Welcome to the sixth edition of Eras , the journal produced by postgraduates of Monash University’s School of Historical Studies. The aim of our journal is to publish articles from among the fields of History, Archaeology, Religion and Theology, and Jewish Civilisation, by current and recently graduated postgraduate students from around the world.
The eclectic and fascinating content of edition six is testament to the value of the wide net cast by Eras, which allows contributors to showcase their work alongside peers from diverse areas within the field of historical studies. We hope that the different perspectives afforded by these various fields will enrich each other by stimulating discussion between fields. The articles collected in edition six demonstrate not only the diversity, but the exceptional quality of postgraduate work being undertaken both in Australia and internationally.
Through examination of a number of sites, Randy Anderson considers the anticipated movements of Pre-Hongshan cultures in North-East China. His analysis argues that these cultures were highly sedentary compared to other Neolithic societies.

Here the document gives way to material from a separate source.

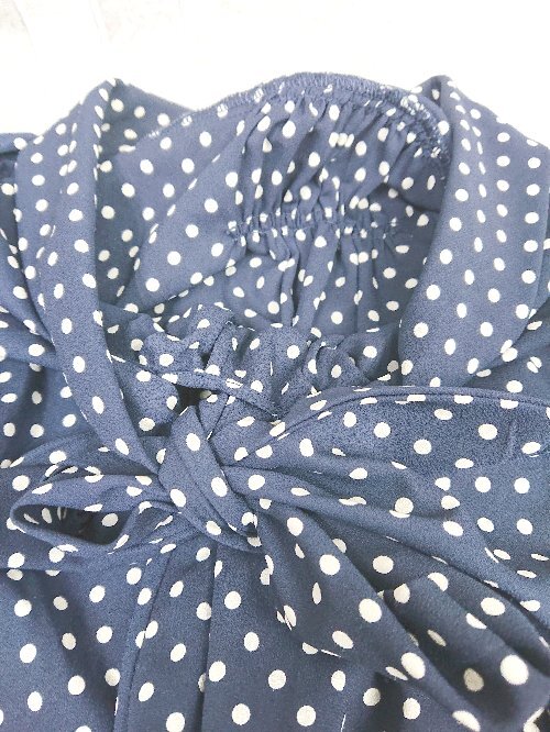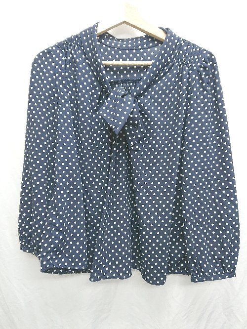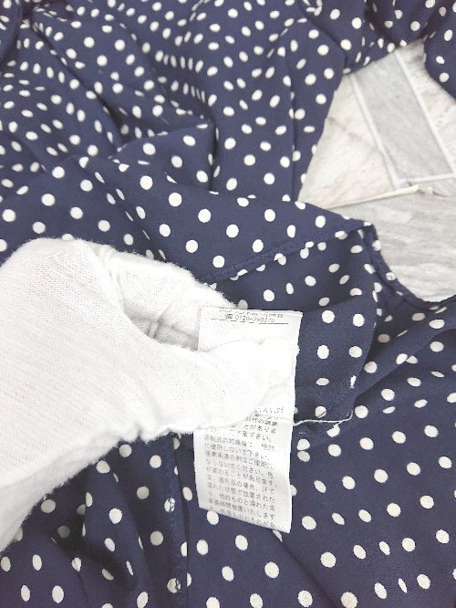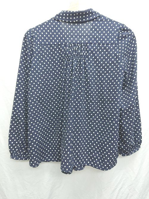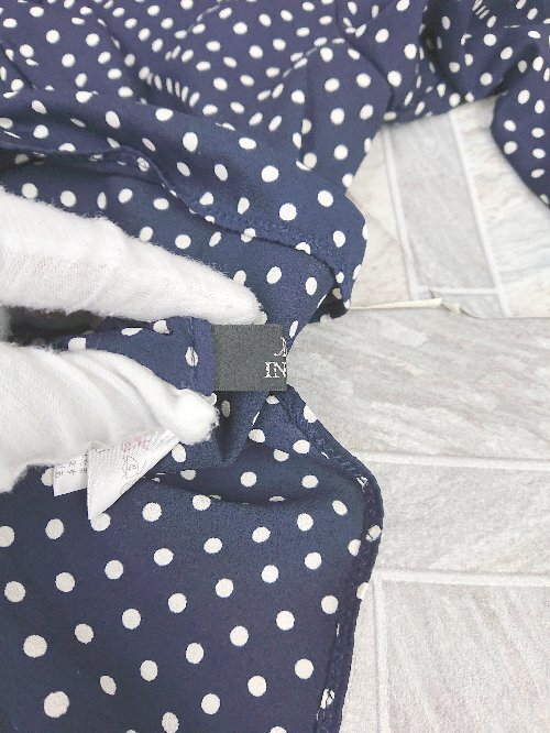 ◇ INED イネド ドット 水玉 七分袖 ブラウス サイズ9 ネイビー ホワイト レディース P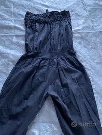 Tuta 3/4 donna colore blu. La Fascia in vita e le fascette sul fondo permettono di scegliere quanto la si vuole rimborsare. In alto ha sulla schiena una fascia semi elastica e sul davanti un bel motivo ricamato.

Kavita Ayer presents a study into the discourses of poverty from Late Republican Rome and modern Australian social-political spheres, which, it is argued, were utilised strategically to marginalise certain sectors of society. The world of Cicero is delved into and juxtaposed with that of our own contemporary one – centred on comments made by Tony Abbott in an ABC television broadcast in 2001. The notions of poverty, their implied negative associations, and the application of this term in both contexts will leave the reader pondering over some striking similarities.
In his lively article, Tyler Boulware considers a group of social deviants – horse-thieves and vagrants – and their role in the American South. He links the social ills of the southern frontier during the eighteenth century with the ‘uncivil war’ of the Revolution, noting that this connection has often gone unnoticed. Stories from newspapers and other sources illustrate this article engagingly.
Rebecca Carnighan, representing the field of Religion and Theology, examines the task confronting the Romantic realist in literature, with particular reference to Dostoevsky. She argues that the Russian writer succeeded in the difficult task of presenting an idealistic vision for the future within a framework of hard reality, because of his faith.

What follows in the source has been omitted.